Records for the task >>
== == ==
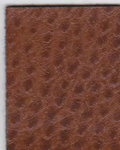
732800 TPH-010 OUTBACK
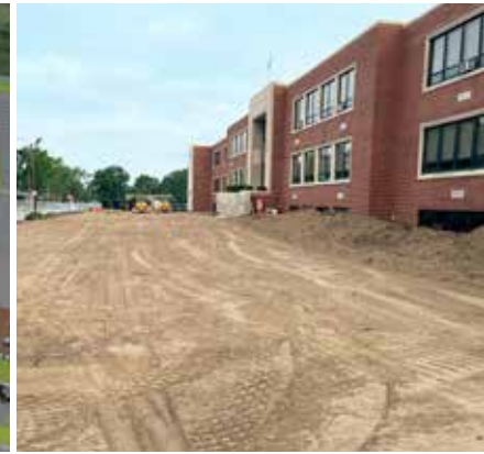
Left: Phase 1 work included demolition of the baseball field dugout; Center: Architect's rendering of the athletic fields and front entrance; Right: Phase 2 involved earthwork on the front entrance.

Seccina Memorial High School's largest construction project in history is underway, marking the final construction project of the Our Faith, Our Journey, Our Time capital campaign.
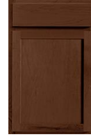
Kitchen & Master Bath

Kitchen Cabinets to be Mid Continent Pro Series All kitchen cabinets are Copeland style in Stained Birch, color to be "Fireside" Bath Vanity Cabinets to be Mid Continent Pro Series Master Bath Vanity to be Copeland style in Stained Birch, color to be "Fireside" Bath #2 Vanity to be Copeland style in Stained Birch, color to be "Sundance" Bath Vanities are 34 1/2" Tall Cabinet plans are drawn and presented to the client before cabinet construction begins. **Photos are meant to show cabinet style only, actual color may vary
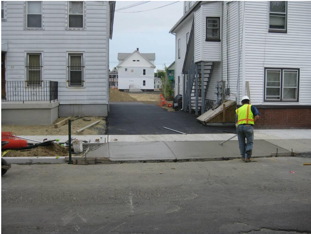
View looking East at partially restored property
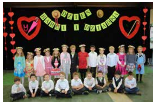
Klasa O a, tuż przed koncertem.

Send all articles, pictures and correspondence to:
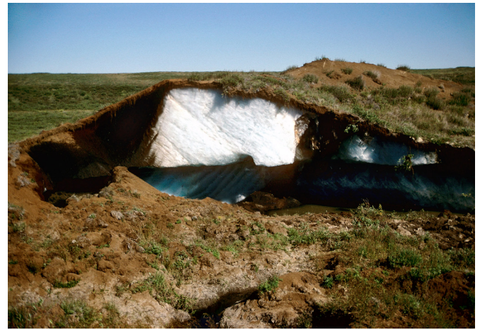
Detail of pingo in the Mackenzie Delta (near Tuktoyaktuk)

Meals: Breakfast, Lunch, Farewell Dinner
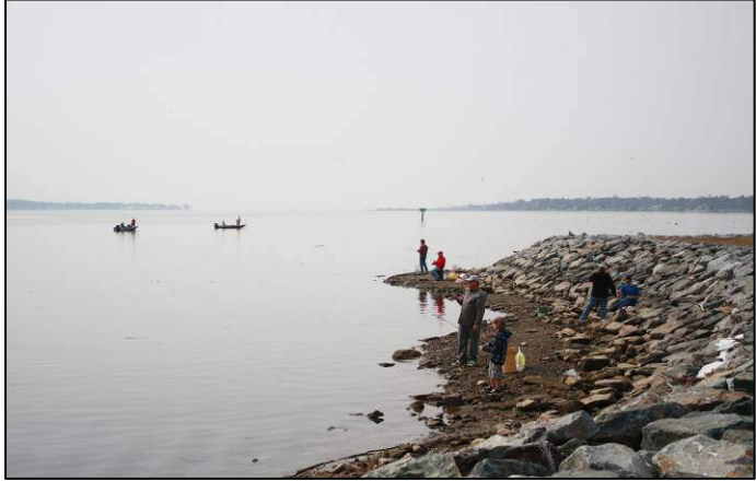
Recreational fishing is popular along the County's shores.
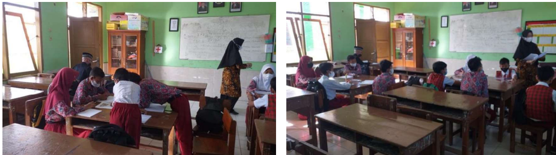
Figure 3. Observation of Learning Implementation Activities

Based on the table above regarding the criteria for the dimensions of outcomes in the aspect of the teacher's ability to plan to learn, a score of 20 is obtained and converted to a scale of 100, and a score of 83.3 is obtained. So it can be concluded that the ability of teachers to plan lessons that have participated in PIGP at Harapan 1 public elementary school is in a good category.
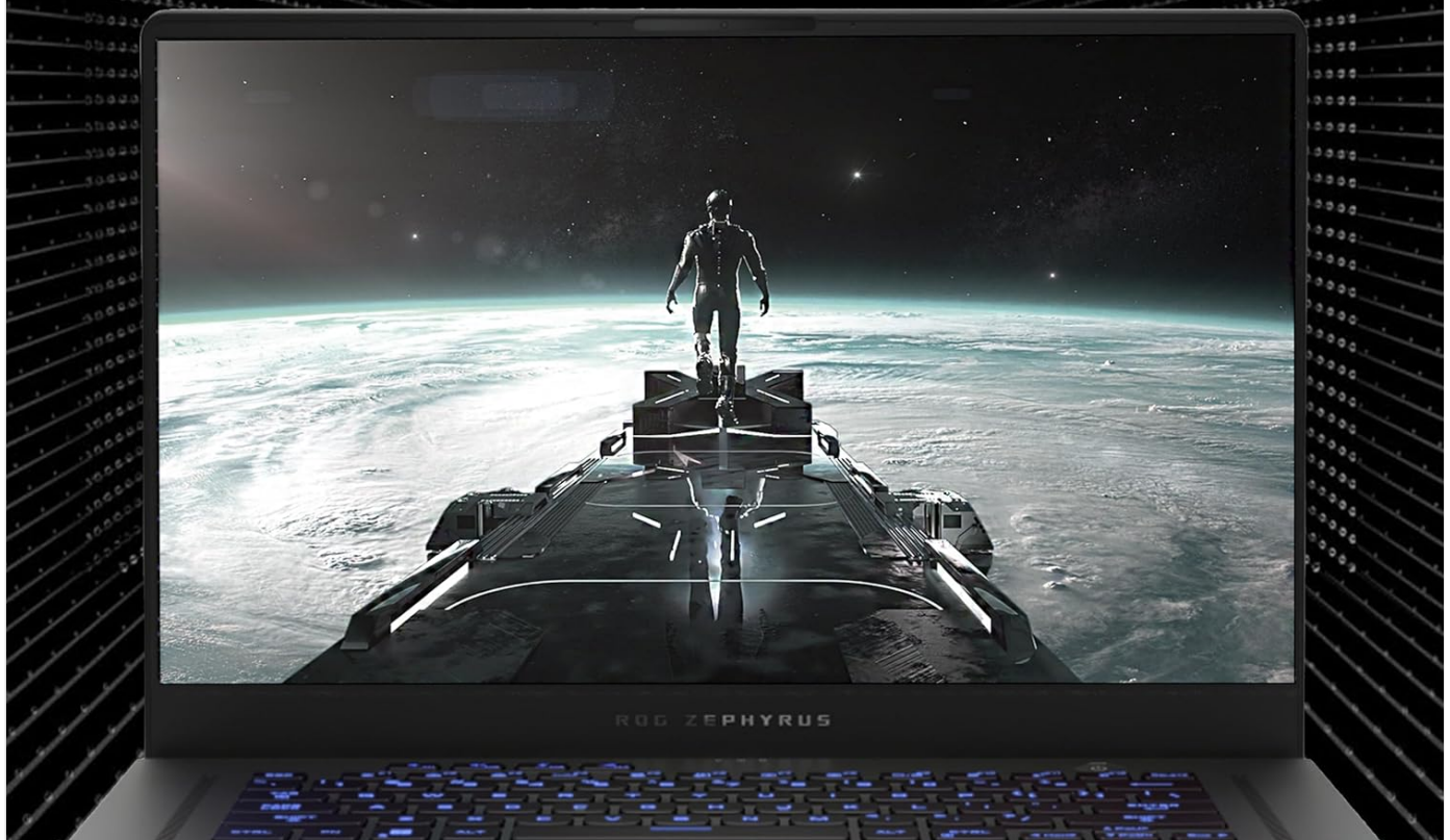
Figure 3.1: Key display features of the ROG Zephyrus, highlighting its high refresh rate, color accuracy, and adaptive synchronization capabilities.
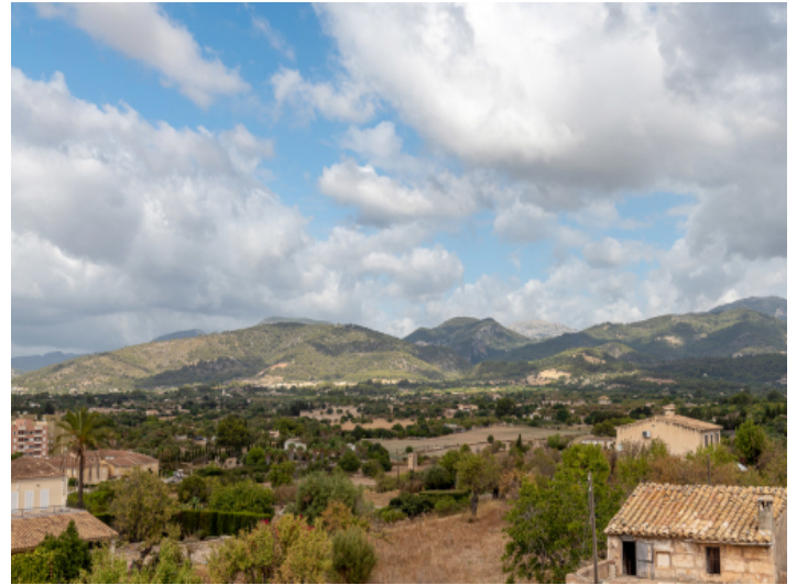
Views to the Sierra de Tramuntana
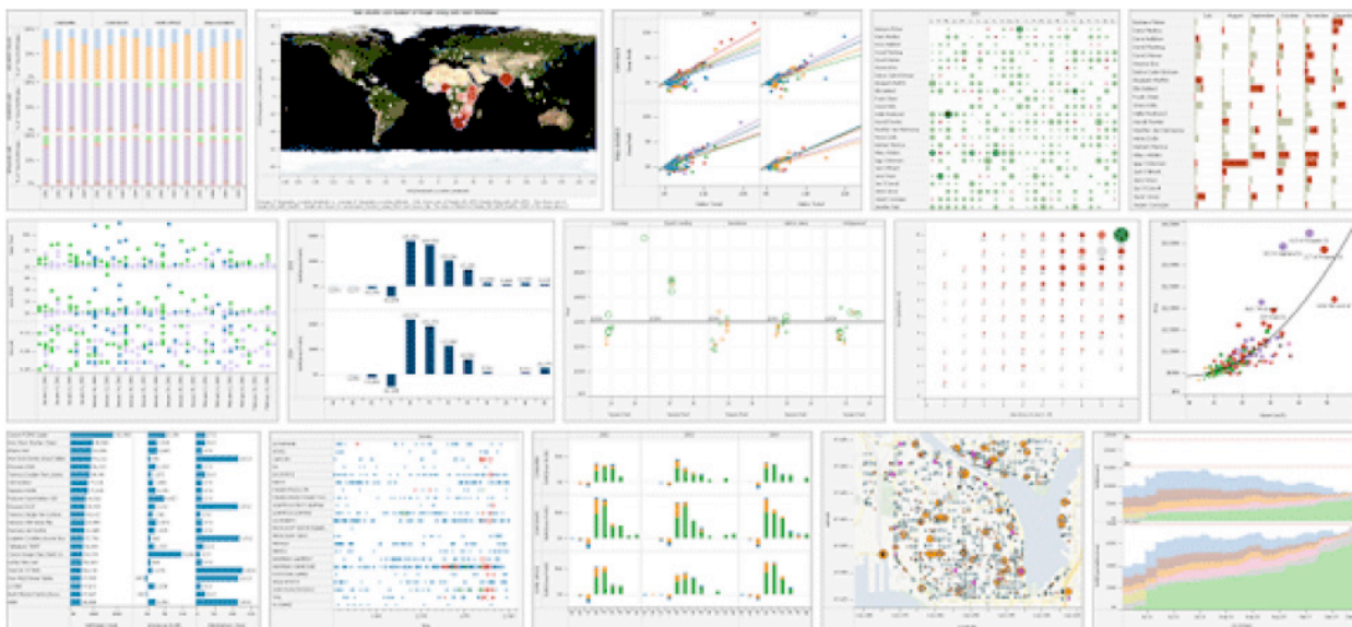
Figure 2. VizQL at work

Designers of Tableau deliberately restrict the set of supported visualizations to the popular and proven ones, such as tables, charts, maps, and time series, as doubting general utility of exotic visual metaphors (Hanrahan et al., 2007). Thereby, Tableau approach is constrained to generating grids of visual presentations of uniform granularity and limited dimensionality. Other researchers suggest that Visual OLAP should be enriched by extending basic charting techniques or by employing novel and less-known visualization techniques to take full advantage from multidimensional and hierarchical properties of data (Tegarden, 1999;
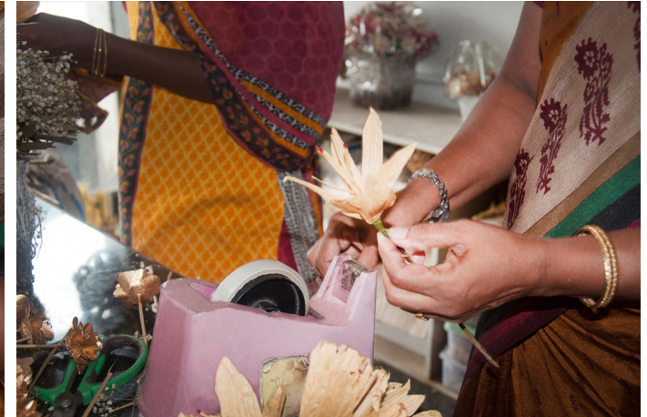
Artisan tapes the piece of unused fresh coconut broomsticks to the flower, which gives strength and stability.
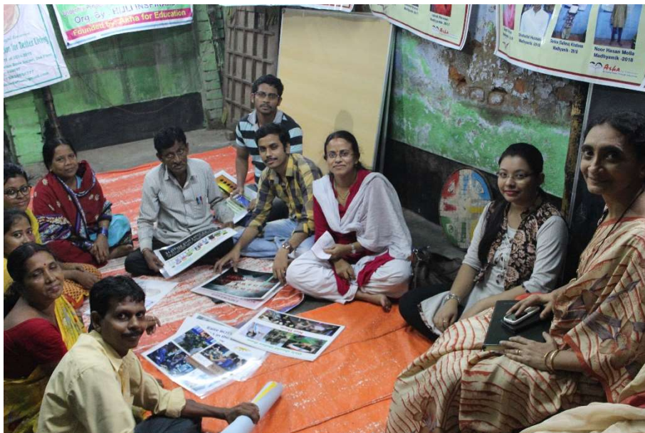
Teachers During Workshop
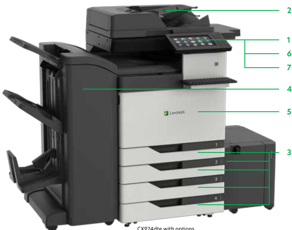
CX924dte with options

Print Microsoft Office files, PDFs and other document and image types from USB keys, or select and print documents from network servers or online drives.
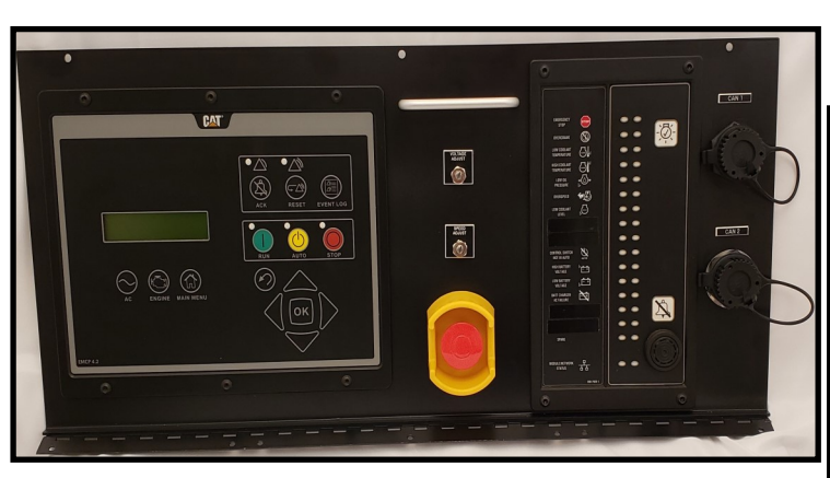
controller & annunciator not included
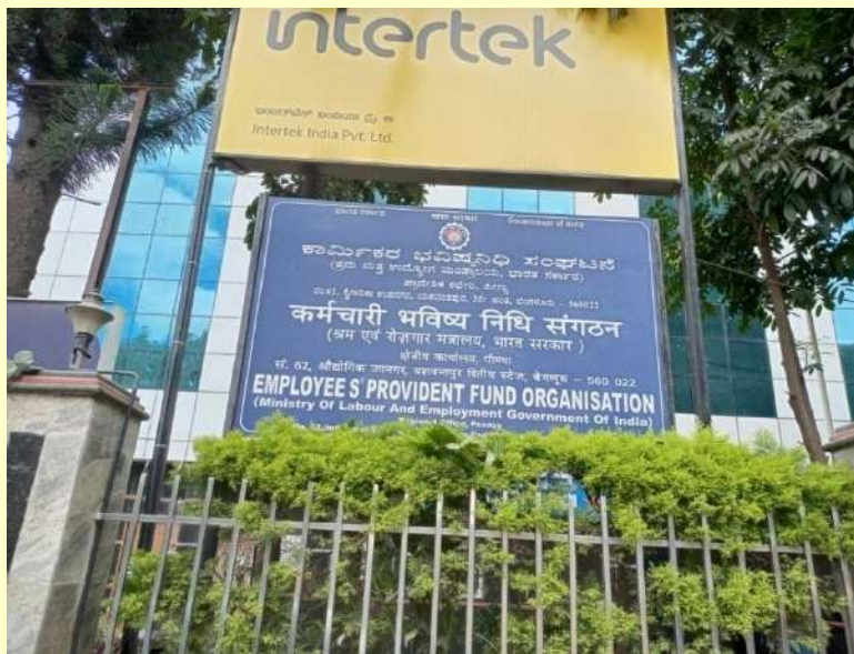
Regional Office Peenya

After receiving the claim forms and supporting documents, the Pension staff at RO Peenya, under the guidance of their officers, worked diligently to process the claim immediately and released the pension arrears from 1997 to the present. The total pension arrears amounted to ₹525,615 for the widow and ₹65,607 for the son.
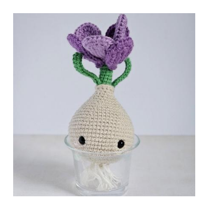
Enjoy! Lisbeth @onecraftymagpie
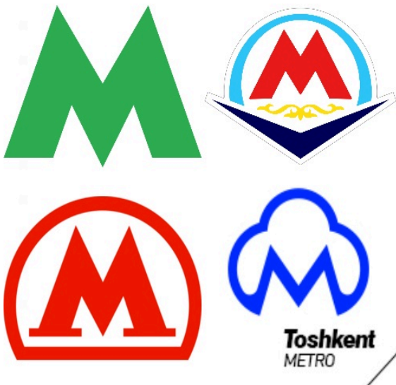
Figure 5. Metro logos from top left: Kyiv, Almaty, Moscow, and Tashkent.

also uses a smart card, called "Smart Card" in Russian and not Kazakh. There seems no explanation for Almaty's use of tokens other than an enduring mindset from senior engineers and planners left over from the Soviet Union. Metro engineers were clearly aware of smart card
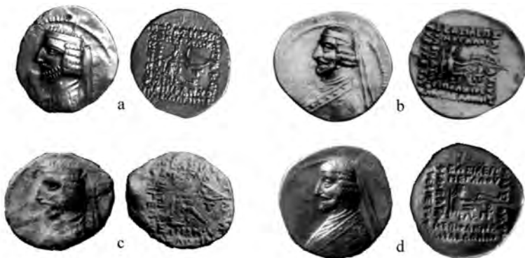
Fig. 23. Mules 30/36 (a, b: author's coll., c, d: Sellwood coll.)
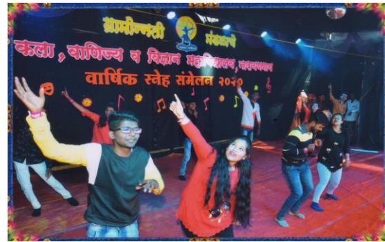
Group Theme Dance
== == ==
What you will do >> Return the material word for word. Pictures are not part of the copy.

Problem solution >>
732800 TPH-010 OUTBACK
Left: Phase 1 work included demolition of the baseball field dugout; Center: Architect's rendering of the athletic fields and front entrance; Right: Phase 2 involved earthwork on the front entrance.

Seccina Memorial High School's largest construction project in history is underway, marking the final construction project of the Our Faith, Our Journey, Our Time capital campaign.
Kitchen & Master Bath

Kitchen Cabinets to be Mid Continent Pro Series All kitchen cabinets are Copeland style in Stained Birch, color to be "Fireside" Bath Vanity Cabinets to be Mid Continent Pro Series Master Bath Vanity to be Copeland style in Stained Birch, color to be "Fireside" Bath #2 Vanity to be Copeland style in Stained Birch, color to be "Sundance" Bath Vanities are 34 1/2" Tall Cabinet plans are drawn and presented to the client before cabinet construction begins. **Photos are meant to show cabinet style only, actual color may vary
View looking East at partially restored property
Klasa O a, tuż przed koncertem.

Send all articles, pictures and correspondence to:
Detail of pingo in the Mackenzie Delta (near Tuktoyaktuk)

Meals: Breakfast, Lunch, Farewell Dinner
Recreational fishing is popular along the County's shores.
Figure 3. Observation of Learning Implementation Activities

Based on the table above regarding the criteria for the dimensions of outcomes in the aspect of the teacher's ability to plan to learn, a score of 20 is obtained and converted to a scale of 100, and a score of 83.3 is obtained. So it can be concluded that the ability of teachers to plan lessons that have participated in PIGP at Harapan 1 public elementary school is in a good category.
Figure 3.1: Key display features of the ROG Zephyrus, highlighting its high refresh rate, color accuracy, and adaptive synchronization capabilities.
Views to the Sierra de Tramuntana
Figure 2. VizQL at work

Designers of Tableau deliberately restrict the set of supported visualizations to the popular and proven ones, such as tables, charts, maps, and time series, as doubting general utility of exotic visual metaphors (Hanrahan et al., 2007). Thereby, Tableau approach is constrained to generating grids of visual presentations of uniform granularity and limited dimensionality. Other researchers suggest that Visual OLAP should be enriched by extending basic charting techniques or by employing novel and less-known visualization techniques to take full advantage from multidimensional and hierarchical properties of data (Tegarden, 1999;
Artisan tapes the piece of unused fresh coconut broomsticks to the flower, which gives strength and stability.
Teachers During Workshop
CX924dte with options

Print Microsoft Office files, PDFs and other document and image types from USB keys, or select and print documents from network servers or online drives.
controller & annunciator not included
Regional Office Peenya

After receiving the claim forms and supporting documents, the Pension staff at RO Peenya, under the guidance of their officers, worked diligently to process the claim immediately and released the pension arrears from 1997 to the present. The total pension arrears amounted to ₹525,615 for the widow and ₹65,607 for the son.
Enjoy! Lisbeth @onecraftymagpie
Figure 5. Metro logos from top left: Kyiv, Almaty, Moscow, and Tashkent.

also uses a smart card, called "Smart Card" in Russian and not Kazakh. There seems no explanation for Almaty's use of tokens other than an enduring mindset from senior engineers and planners left over from the Soviet Union. Metro engineers were clearly aware of smart card
Fig. 23. Mules 30/36 (a, b: author's coll., c, d: Sellwood coll.)
Group Theme Dance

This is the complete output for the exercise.